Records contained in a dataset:

☆ ☆ ☆ ☆ ☆

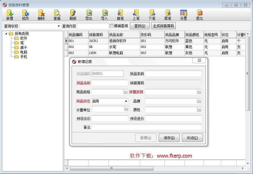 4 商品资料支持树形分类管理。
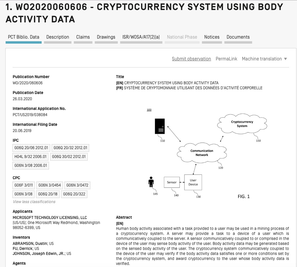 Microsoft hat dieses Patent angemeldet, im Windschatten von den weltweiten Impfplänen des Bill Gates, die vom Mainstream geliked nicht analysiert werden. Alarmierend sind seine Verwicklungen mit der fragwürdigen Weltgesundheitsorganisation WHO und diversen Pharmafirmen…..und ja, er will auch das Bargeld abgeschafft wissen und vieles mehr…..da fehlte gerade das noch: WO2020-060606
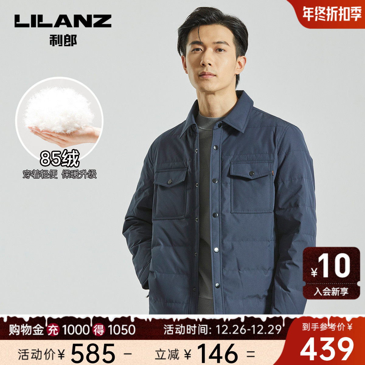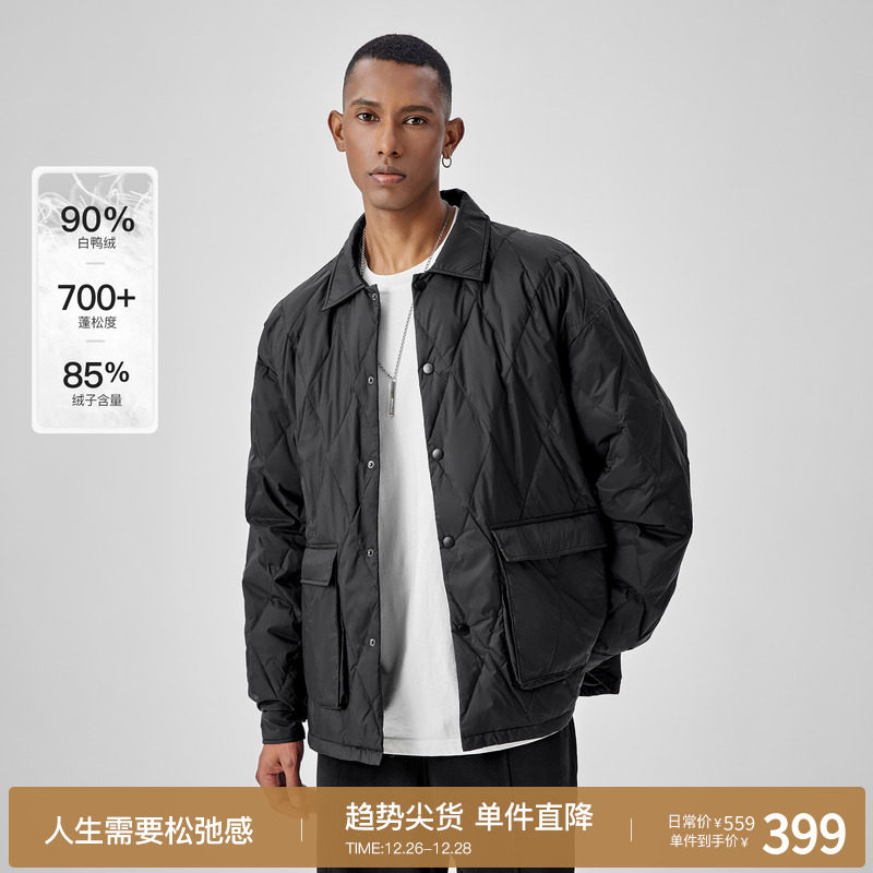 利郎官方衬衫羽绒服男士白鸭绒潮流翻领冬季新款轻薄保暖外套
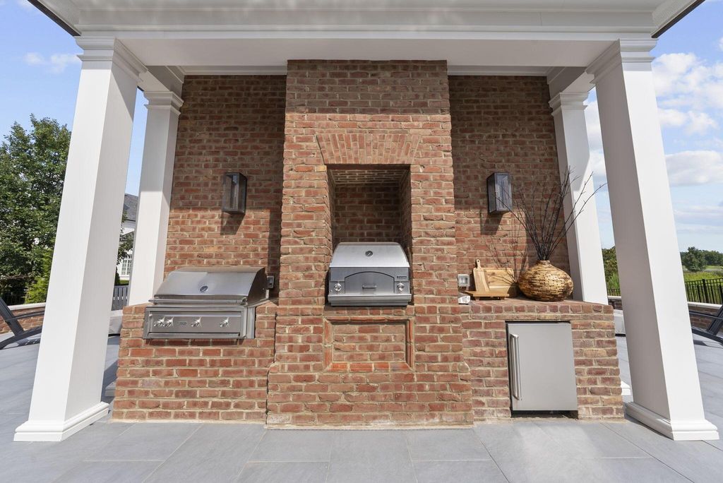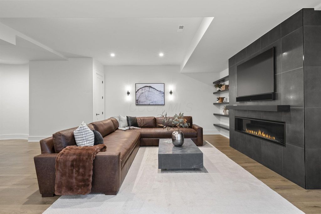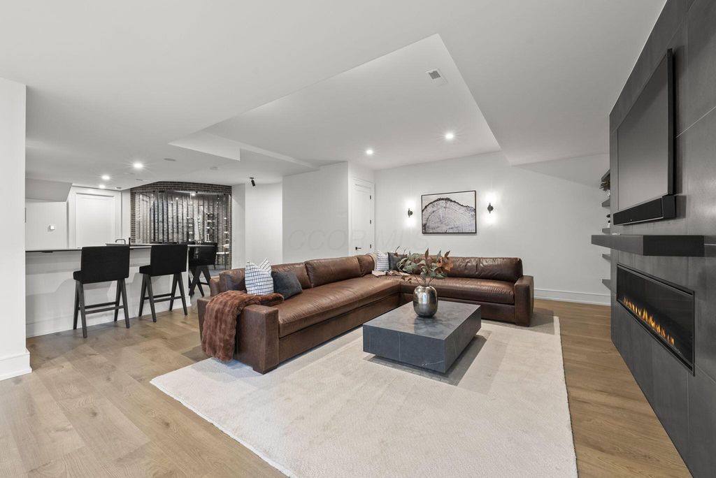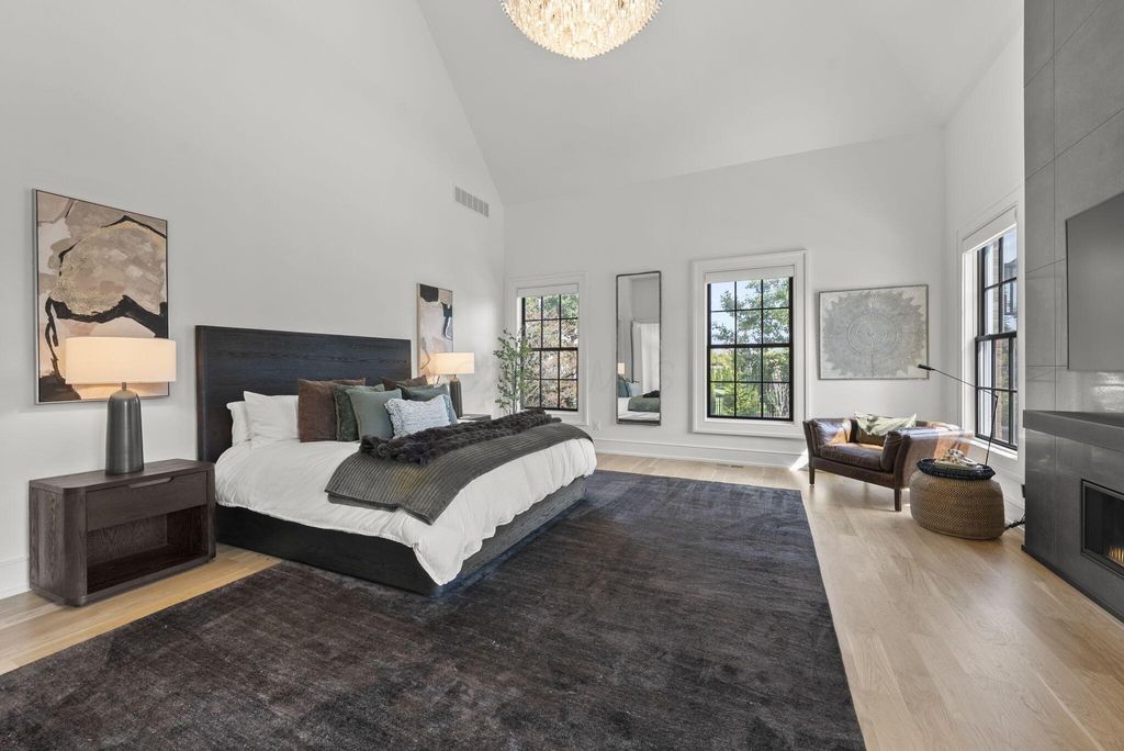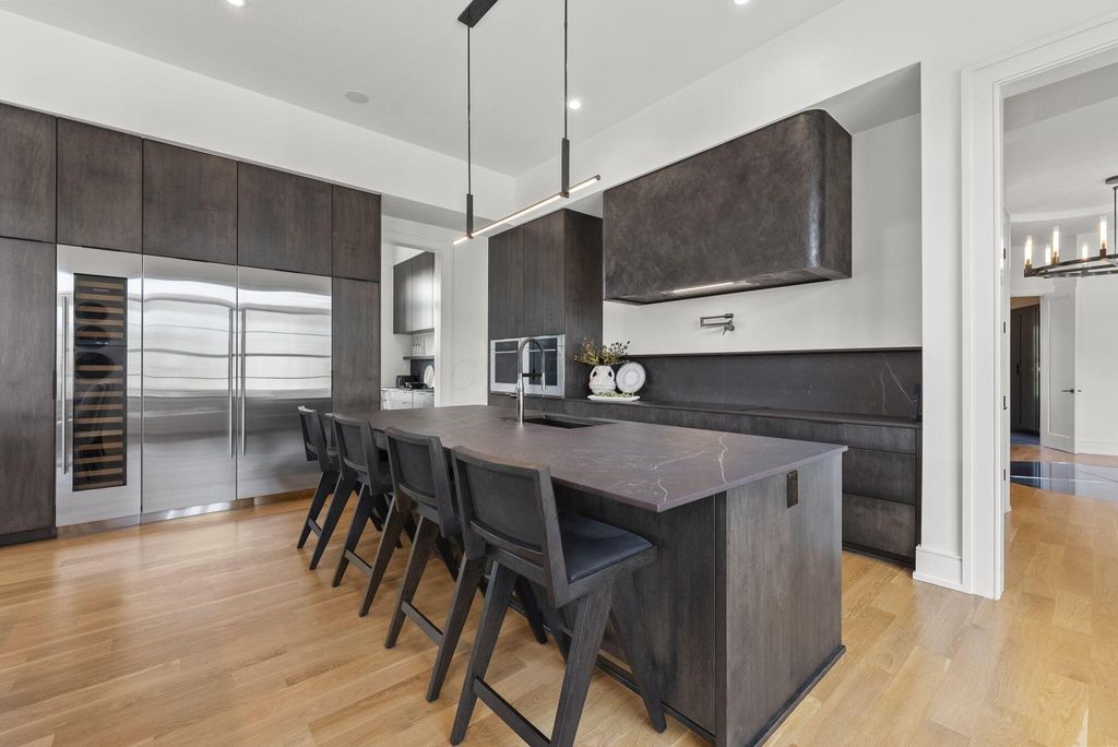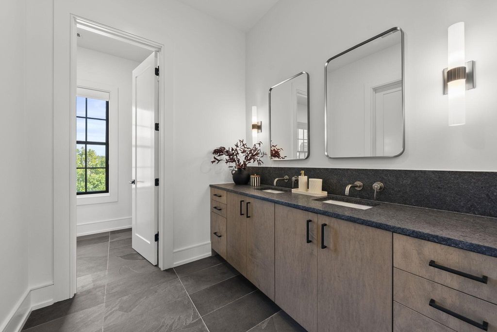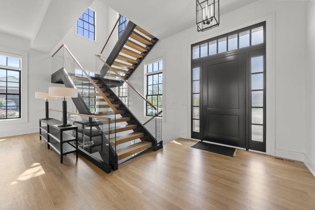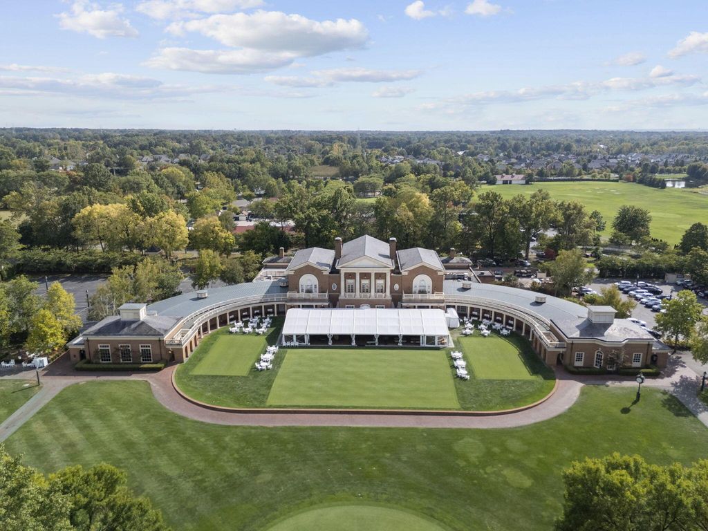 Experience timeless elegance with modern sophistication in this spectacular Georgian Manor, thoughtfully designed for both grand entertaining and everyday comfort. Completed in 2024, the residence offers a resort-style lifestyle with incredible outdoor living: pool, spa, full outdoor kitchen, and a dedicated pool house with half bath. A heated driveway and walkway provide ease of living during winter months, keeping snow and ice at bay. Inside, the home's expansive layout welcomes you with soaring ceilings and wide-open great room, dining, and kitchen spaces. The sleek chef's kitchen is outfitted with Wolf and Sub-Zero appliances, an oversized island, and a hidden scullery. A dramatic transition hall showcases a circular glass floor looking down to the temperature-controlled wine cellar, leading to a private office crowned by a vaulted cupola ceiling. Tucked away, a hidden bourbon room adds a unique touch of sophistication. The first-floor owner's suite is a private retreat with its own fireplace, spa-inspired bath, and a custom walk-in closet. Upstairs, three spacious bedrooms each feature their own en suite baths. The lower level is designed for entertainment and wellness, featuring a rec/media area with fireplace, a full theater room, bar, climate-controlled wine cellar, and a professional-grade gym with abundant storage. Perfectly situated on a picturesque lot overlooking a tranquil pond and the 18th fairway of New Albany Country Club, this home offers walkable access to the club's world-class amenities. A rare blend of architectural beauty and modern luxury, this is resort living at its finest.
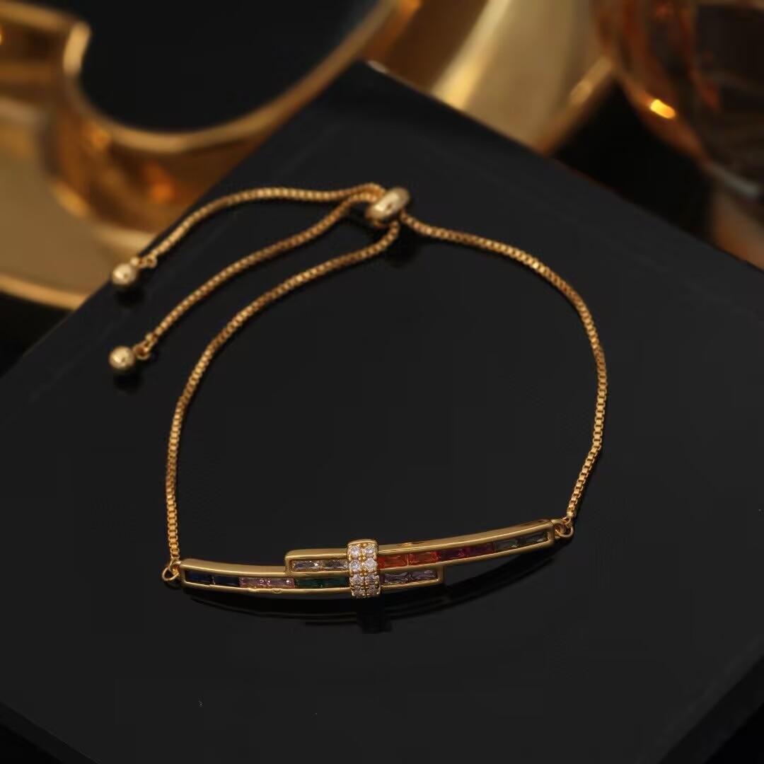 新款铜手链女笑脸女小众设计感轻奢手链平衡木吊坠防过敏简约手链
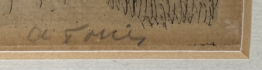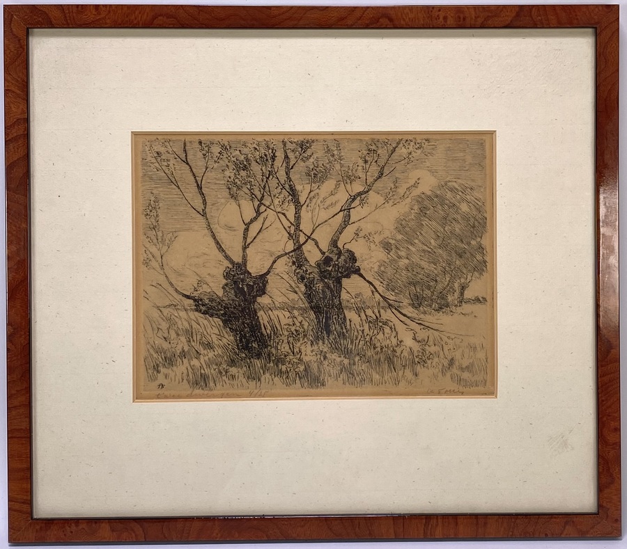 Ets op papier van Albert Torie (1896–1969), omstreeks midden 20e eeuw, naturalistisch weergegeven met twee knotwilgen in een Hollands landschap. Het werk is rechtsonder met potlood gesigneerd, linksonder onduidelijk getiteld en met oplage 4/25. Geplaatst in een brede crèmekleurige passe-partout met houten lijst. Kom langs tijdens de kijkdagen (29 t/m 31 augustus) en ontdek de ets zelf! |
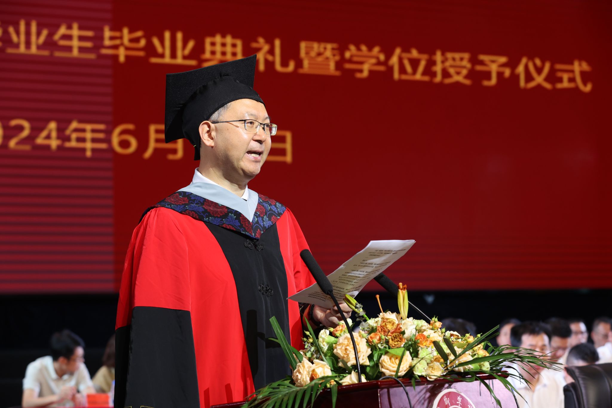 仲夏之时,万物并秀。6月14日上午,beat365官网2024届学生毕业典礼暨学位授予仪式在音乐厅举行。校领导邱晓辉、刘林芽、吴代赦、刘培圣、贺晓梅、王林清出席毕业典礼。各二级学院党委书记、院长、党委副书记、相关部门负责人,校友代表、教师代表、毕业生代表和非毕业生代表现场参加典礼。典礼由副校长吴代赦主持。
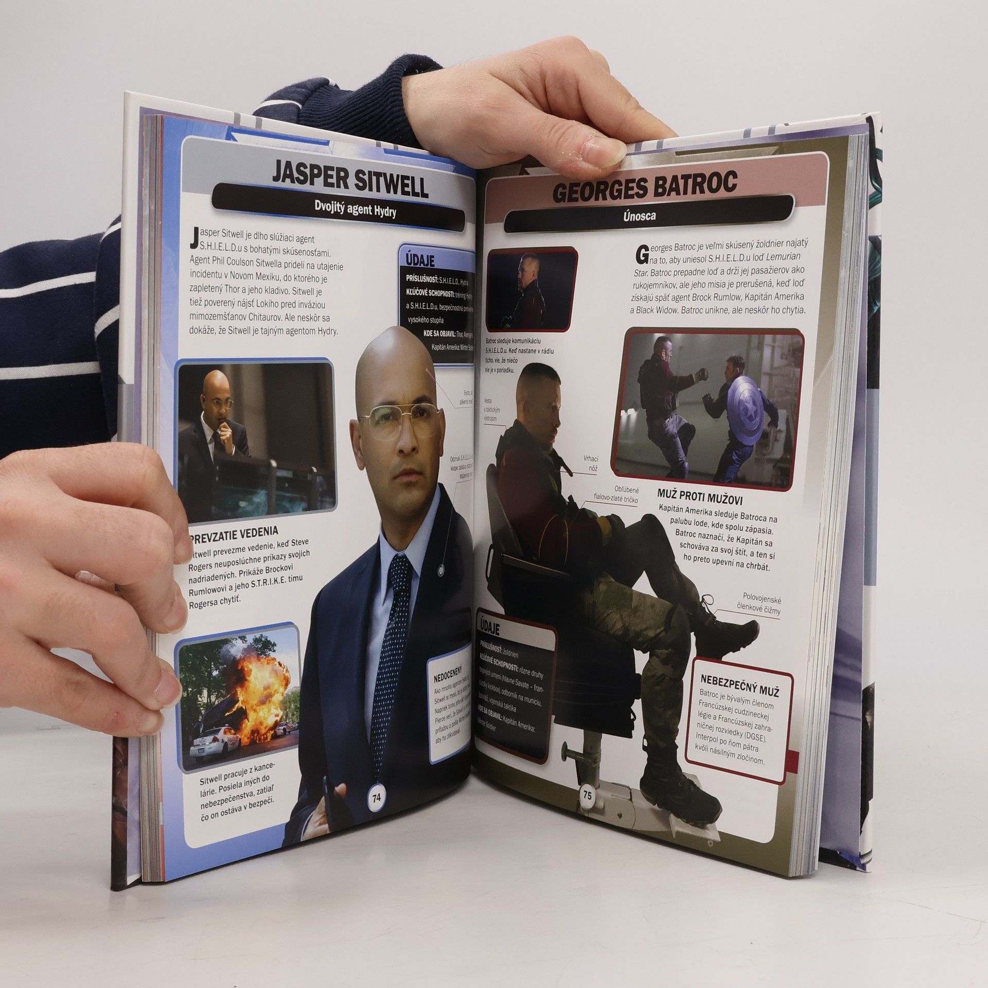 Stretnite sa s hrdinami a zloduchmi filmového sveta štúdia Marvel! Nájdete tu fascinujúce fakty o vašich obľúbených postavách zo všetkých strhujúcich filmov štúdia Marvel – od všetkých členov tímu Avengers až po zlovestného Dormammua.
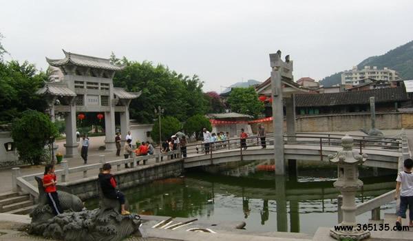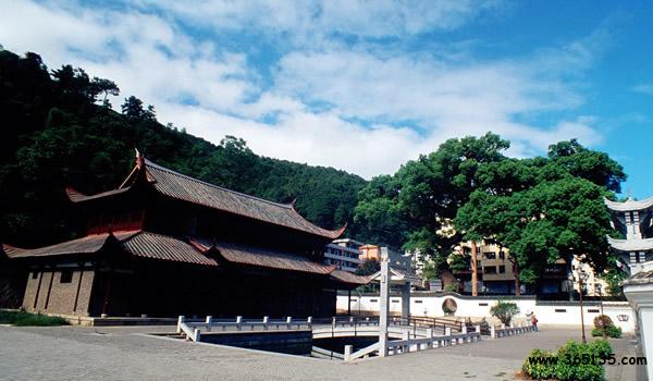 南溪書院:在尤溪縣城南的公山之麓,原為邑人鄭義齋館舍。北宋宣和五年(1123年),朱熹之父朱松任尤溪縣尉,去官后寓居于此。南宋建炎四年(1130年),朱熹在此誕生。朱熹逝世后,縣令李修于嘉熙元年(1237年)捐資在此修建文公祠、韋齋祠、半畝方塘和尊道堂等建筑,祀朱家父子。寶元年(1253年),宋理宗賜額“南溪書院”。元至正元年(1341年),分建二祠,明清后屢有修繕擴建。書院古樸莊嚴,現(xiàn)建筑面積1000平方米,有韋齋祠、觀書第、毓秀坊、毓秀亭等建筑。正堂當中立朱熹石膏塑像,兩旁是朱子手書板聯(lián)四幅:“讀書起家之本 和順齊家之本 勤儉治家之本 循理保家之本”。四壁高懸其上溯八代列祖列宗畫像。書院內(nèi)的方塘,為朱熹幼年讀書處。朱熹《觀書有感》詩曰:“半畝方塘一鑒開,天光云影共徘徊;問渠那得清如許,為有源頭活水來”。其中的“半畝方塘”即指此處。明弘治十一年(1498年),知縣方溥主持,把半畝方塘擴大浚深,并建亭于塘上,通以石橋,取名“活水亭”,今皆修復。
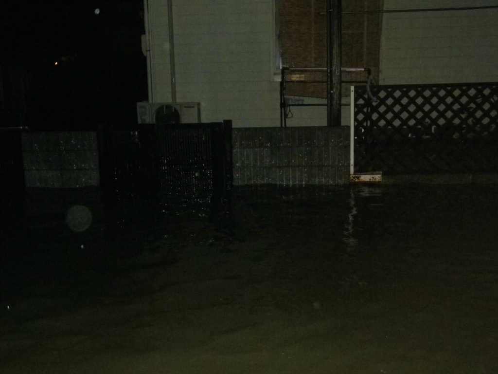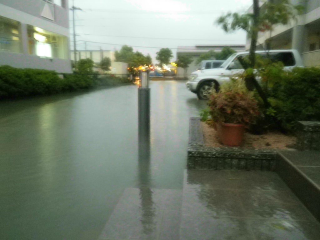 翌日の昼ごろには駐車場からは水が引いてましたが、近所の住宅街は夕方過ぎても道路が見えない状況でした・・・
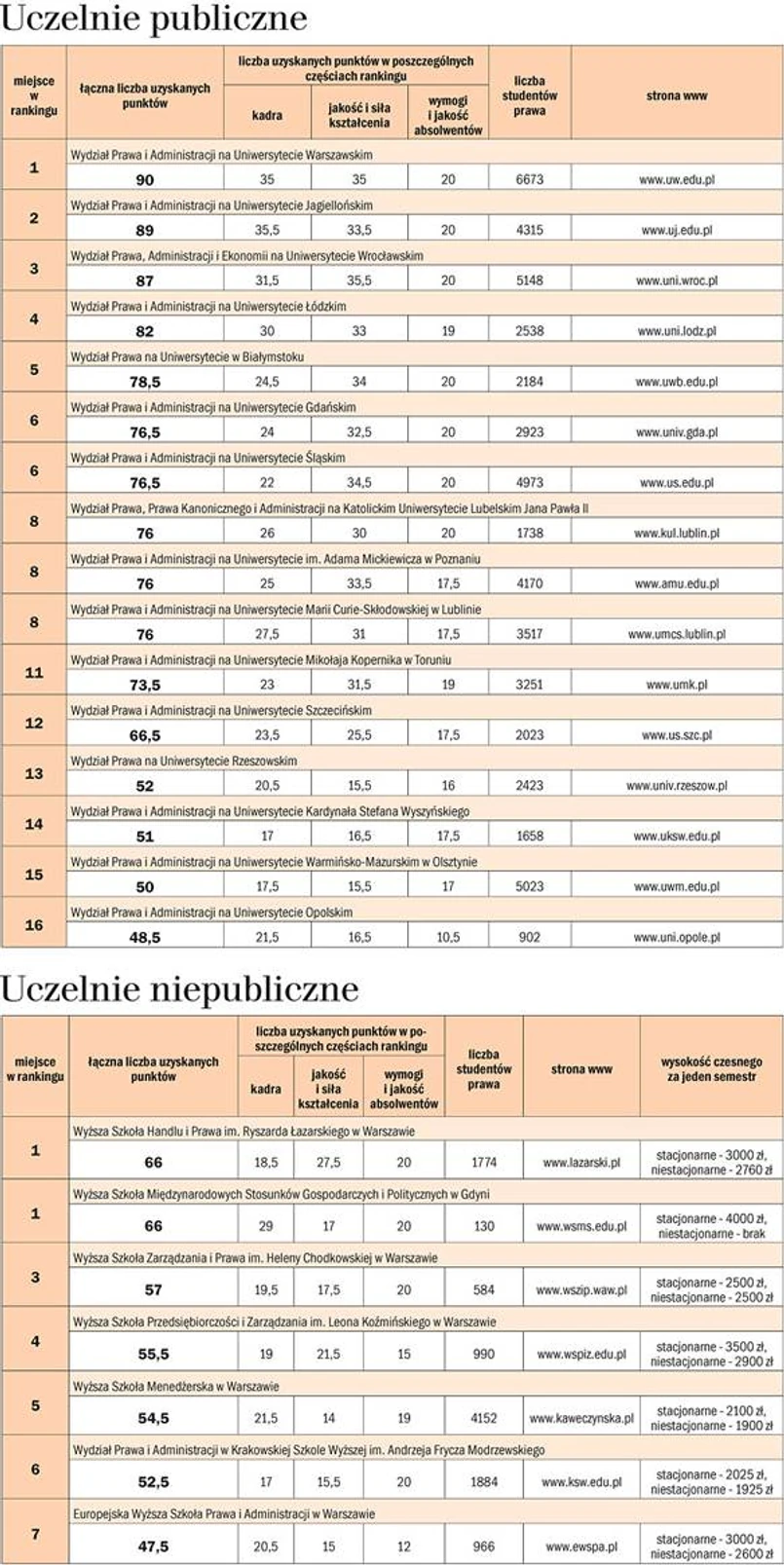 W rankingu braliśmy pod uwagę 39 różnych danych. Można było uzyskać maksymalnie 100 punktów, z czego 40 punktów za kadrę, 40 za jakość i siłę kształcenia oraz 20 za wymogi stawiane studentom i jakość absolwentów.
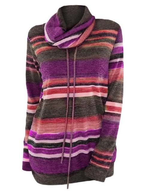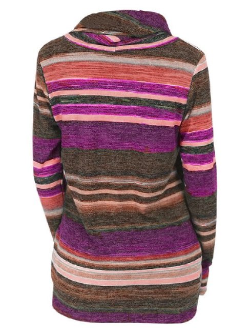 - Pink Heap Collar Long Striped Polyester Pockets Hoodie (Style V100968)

☆ ☆ ☆ ☆ ☆

TO DO:
The answer must be an exact copy of the lines from the start of the records above through the line containing "利郎官方衬衫羽绒服男士白鸭绒潮流翻领冬季新款轻薄保暖外套", with no pictures in it.

EXERCISE OUTPUT:
 4 商品资料支持树形分类管理。
 Microsoft hat dieses Patent angemeldet, im Windschatten von den weltweiten Impfplänen des Bill Gates, die vom Mainstream geliked nicht analysiert werden. Alarmierend sind seine Verwicklungen mit der fragwürdigen Weltgesundheitsorganisation WHO und diversen Pharmafirmen…..und ja, er will auch das Bargeld abgeschafft wissen und vieles mehr…..da fehlte gerade das noch: WO2020-060606
 利郎官方衬衫羽绒服男士白鸭绒潮流翻领冬季新款轻薄保暖外套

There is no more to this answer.